Ed is an author for Citizen Truth. He is the founder of OurFutureAmerica.org, a nonprofit resource for Americans seeking a fact-based, nonpartisan discussion of public policy.


  1. William Slifko February 25, 2020

    While you make a valid point for your argument that Bloomberg’s candidacy is good for America such as welcoming as many voices to the political process as possible, the comment “We should also welcome a voice in the political process that is truly independent and whose candidacy is not indebted to anyone.” is misleading as Bloomberg has never displayed any altruistic purposes in his political career. His interests appear to be self-aggrandizing and supportive of his infamous misogynist attitude toward women and racist attitude toward POC.

    His sudden decision to join the stage further appears to be driven by his fear of seeing a Sanders presidency where people in his massively wealthy class will be required to pay their fair share of the tax burden rather than skirting the edges as they have done for decades. You mentioned that “Billionaires are not a unified class with unified interests.” which, when considering the fact that Sanders has steadfastly stated his position regarding the wealthy, taxes, healthcare, education, etc., is a threat to their entire class.
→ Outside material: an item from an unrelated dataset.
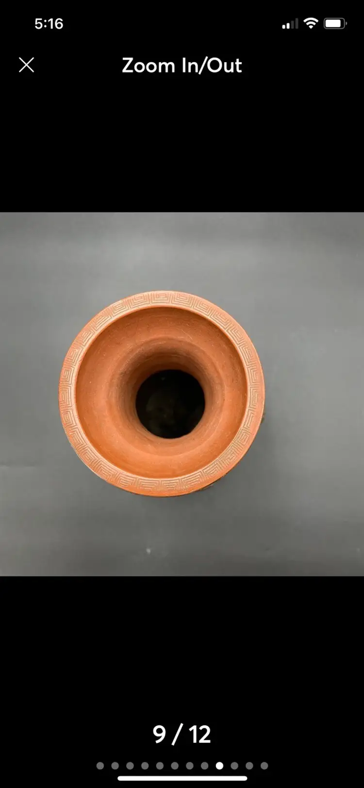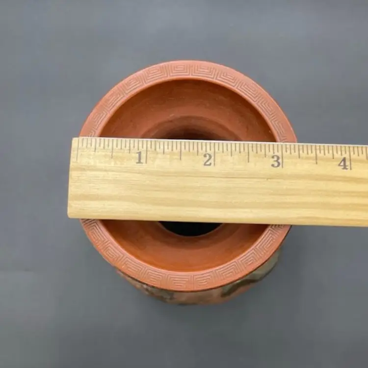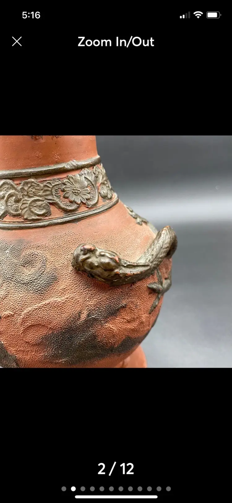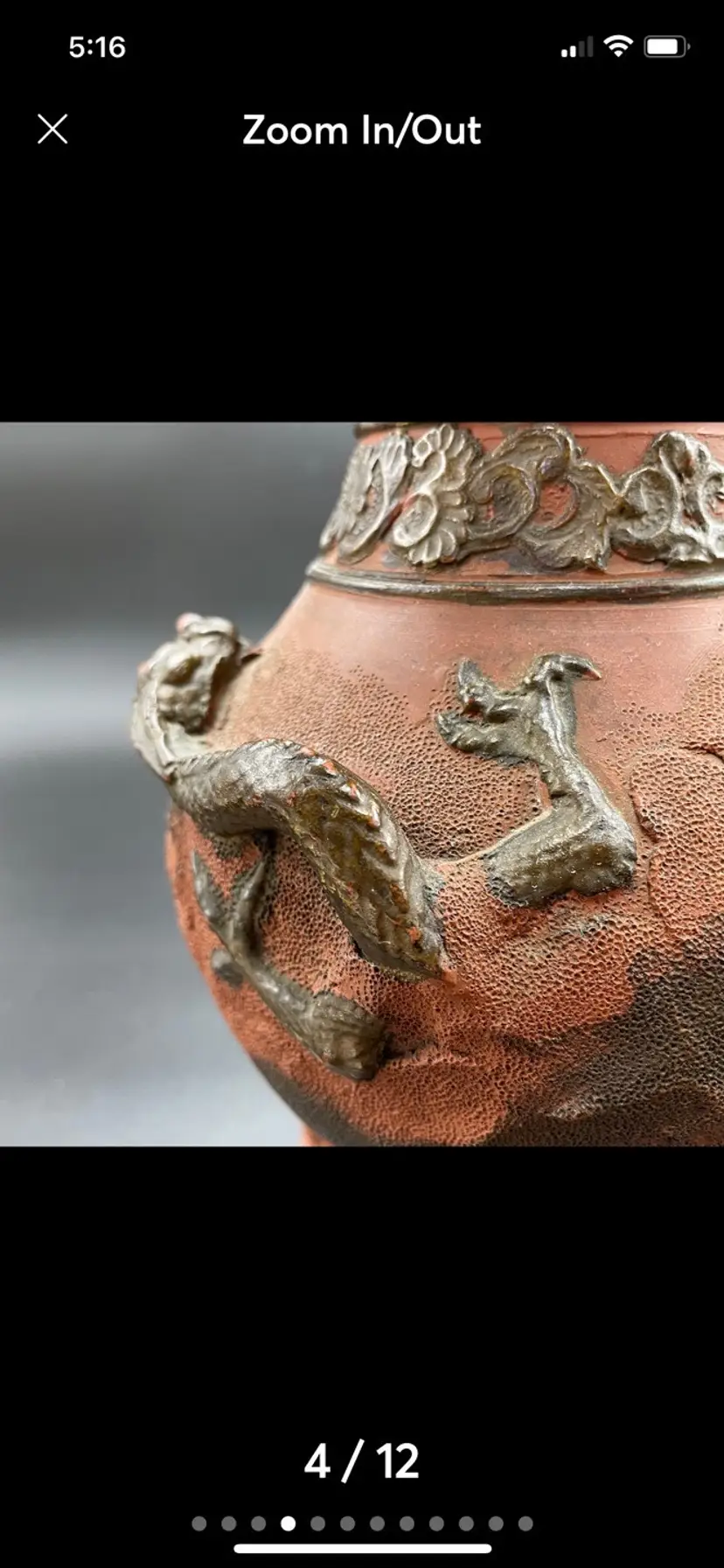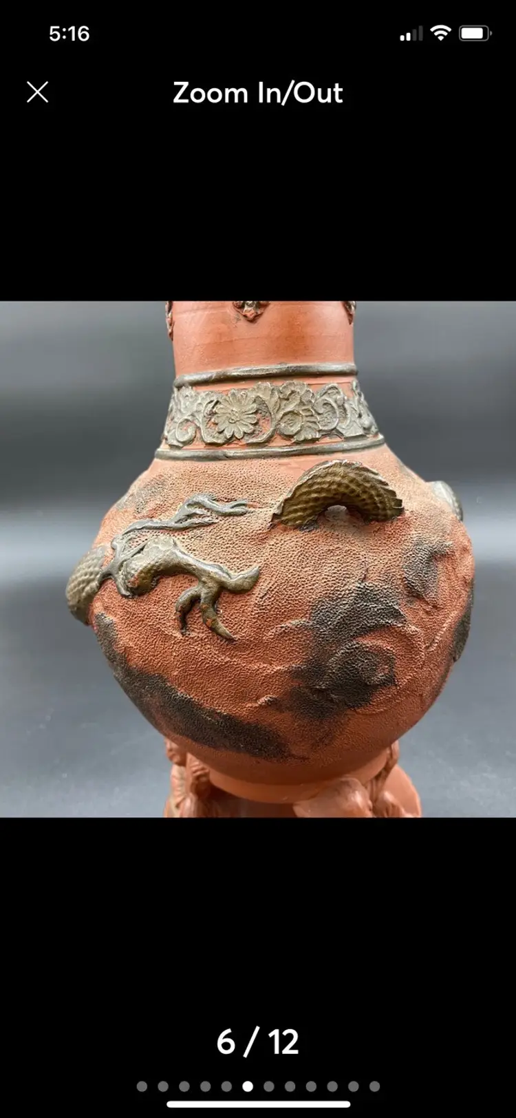 This is a Japanese Tokoname redware pottery vase. It has a 3D three toed dragon among clouds encircling the body. Three 3D figures of Hotei (God of Good Luck) are holding the body up from the base. It is marked on the bottom. Measures approximately 12" tall. It is heavy, weighing a little over 4 pounds. No chips or cracks.

A good example of this is to ask, ‘how many millionaires in Congress, both Democrat and Republican, voted for the huge increases in the military budget?’ And then ask, ‘how many non-millionaires who do not have MIC related organizations in their constituencies voted for the same increases?’ I’ll let you do the reporting on that.

    Bloomberg is a spoiler, a distraction for the politically unaware. He’s dangerous for democracy. He doesn’t care if our social programs are adequately funded or not, if we have healthcare for people who have none, if we have adequate education opportunities. His tenure as mayor of the world’s leading city proves these points. He could have accomplished so much during that time but he chose not to not because it was difficult to achieve, but because he placed the wealthy class above the working people.

    Being a billionaire is evidence enough that he doesn’t play well with his classmates. Not seeing this one, glaring point with regard to Bloomberg and whether or not he would make a horrible president is the definition of being politically unaware.

  2. Tony February 26, 2020

    Well said.

  3. Ed Orazem February 26, 2020

    Thank you William for your engagement and thoughts. While the intention of my piece was not to opine on the merits of a Bloomberg candidacy, only on the value of additional voices in the process, I do have a more charitable view of his candidacy than you do. Having lived in NYC during his tenure as mayor, I thought he was good for the city. He actually raised property taxes on wealthy homeowners in order to fund the city post 9/11. I also view his financial support of democrats during that past few years and considerable philanthropic engagement more charitably than you do. As for your view that the billionaire class is monolithic in nature, I actually observe many high profile members of that class calling for higher taxes, including Bill Gates, Warren Buffet, Jamie Dimon, and Mayor Bloomberg himself. (He simply opposes the wealth tax based on the view that it is unconstitutional.)

  4. Larry Stout February 28, 2020

    Neither half of the “duopoly” is capable of fielding a truly good presidential (or senatorial, or representive) candidate; they are both long since reduced to special-interest conglomerates, and the same most-powerful special interests — namely, the military-industrial complex and the Jewish lobby — essentially control both parties. The evidence is plain to see, every day, everywhere.